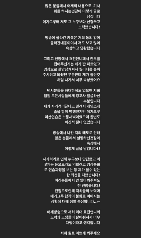 효진초이 이번 메가크루 준비하며 5kg 빠졌다고 함
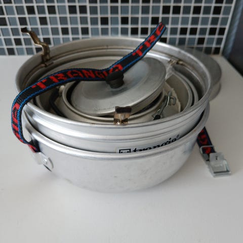 Kokesett fra Helikon-Tex som er helt perfekt tol både korte og lange turer. Flasken kommer med silikonlokk som holder den helt tett under transport og kokekaret har lokk slik at koketiden reduseres. Hver del passer sammen slik at det tar opp minst mulig plass i sekken.
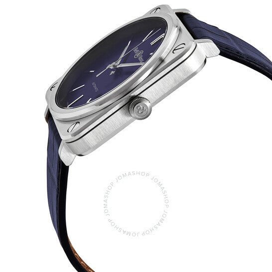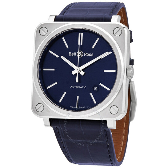 علبة من الفولاذ المقاوم للصدأ مع سوار أزرق من جلد التمساح. إطار ثابت من الفولاذ المقاوم للصدأ. ميناء أزرق مع عقارب ومؤشرات ساعات فضية مضيئة. نوع الميناء: تناظري. عقارب ومؤشرات مضيئة. عرض التاريخ بين موضعي الساعة الرابعة والخامسة. حركة أوتوماتيكية من بيل آند روس، عيار BR-CAL.302، مبنية على سيليتا SW300-1، تحتوي على 25 جوهرة، تنبض بتردد 28800 ذبذبة في الساعة، ولديها احتياطي طاقة يدوم حوالي 38 ساعة. زجاج ياقوتي مقاوم للخدش. تاج قابل للسحب/الدفع. غطاء خلفي شفاف. شكل العلبة مربع. حجم العلبة: 39 مم. سمكها: 9 مم. طول السوار: 7 بوصات. مشبك تانغ. مقاومة للماء حتى عمق 100 متر / 330 قدمًا. الوظائف: التاريخ، الساعة، الدقائق، الثواني. سلسلة الطيران. تصميم ساعة فاخرة. ملصق الساعة: صناعة سويسرية. ساعة بيل آند روس للطيران أوتوماتيكية للرجال بمينا أزرق BRS92-BLU-ST/SCR.
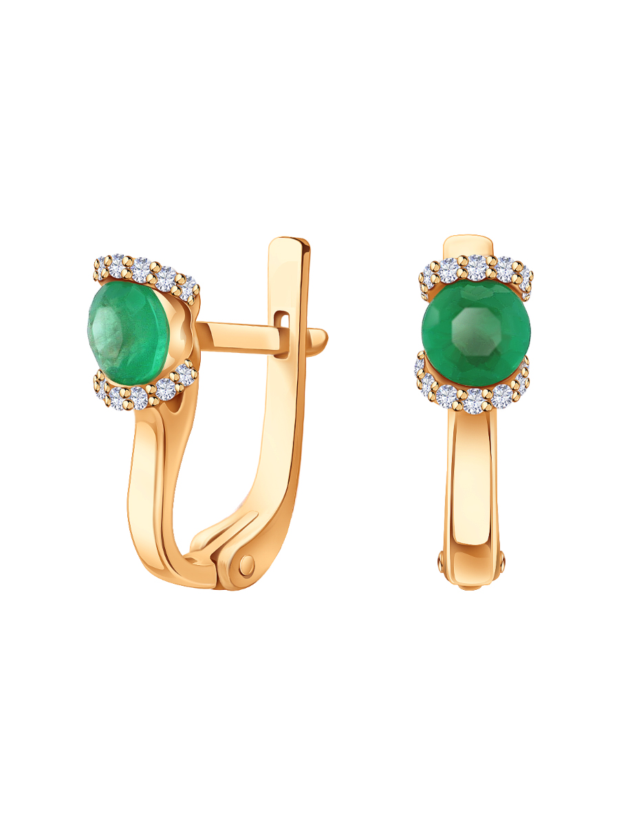 Серьги золотые 585 с изумрудами и бриллиантами 2100555-00060

---

Work instructions:
Write out the whole listing above exactly, minus images.

Exercise output:
 효진초이 이번 메가크루 준비하며 5kg 빠졌다고 함
 Kokesett fra Helikon-Tex som er helt perfekt tol både korte og lange turer. Flasken kommer med silikonlokk som holder den helt tett under transport og kokekaret har lokk slik at koketiden reduseres. Hver del passer sammen slik at det tar opp minst mulig plass i sekken.
 علبة من الفولاذ المقاوم للصدأ مع سوار أزرق من جلد التمساح. إطار ثابت من الفولاذ المقاوم للصدأ. ميناء أزرق مع عقارب ومؤشرات ساعات فضية مضيئة. نوع الميناء: تناظري. عقارب ومؤشرات مضيئة. عرض التاريخ بين موضعي الساعة الرابعة والخامسة. حركة أوتوماتيكية من بيل آند روس، عيار BR-CAL.302، مبنية على سيليتا SW300-1، تحتوي على 25 جوهرة، تنبض بتردد 28800 ذبذبة في الساعة، ولديها احتياطي طاقة يدوم حوالي 38 ساعة. زجاج ياقوتي مقاوم للخدش. تاج قابل للسحب/الدفع. غطاء خلفي شفاف. شكل العلبة مربع. حجم العلبة: 39 مم. سمكها: 9 مم. طول السوار: 7 بوصات. مشبك تانغ. مقاومة للماء حتى عمق 100 متر / 330 قدمًا. الوظائف: التاريخ، الساعة، الدقائق، الثواني. سلسلة الطيران. تصميم ساعة فاخرة. ملصق الساعة: صناعة سويسرية. ساعة بيل آند روس للطيران أوتوماتيكية للرجال بمينا أزرق BRS92-BLU-ST/SCR.
 Серьги золотые 585 с изумрудами и бриллиантами 2100555-00060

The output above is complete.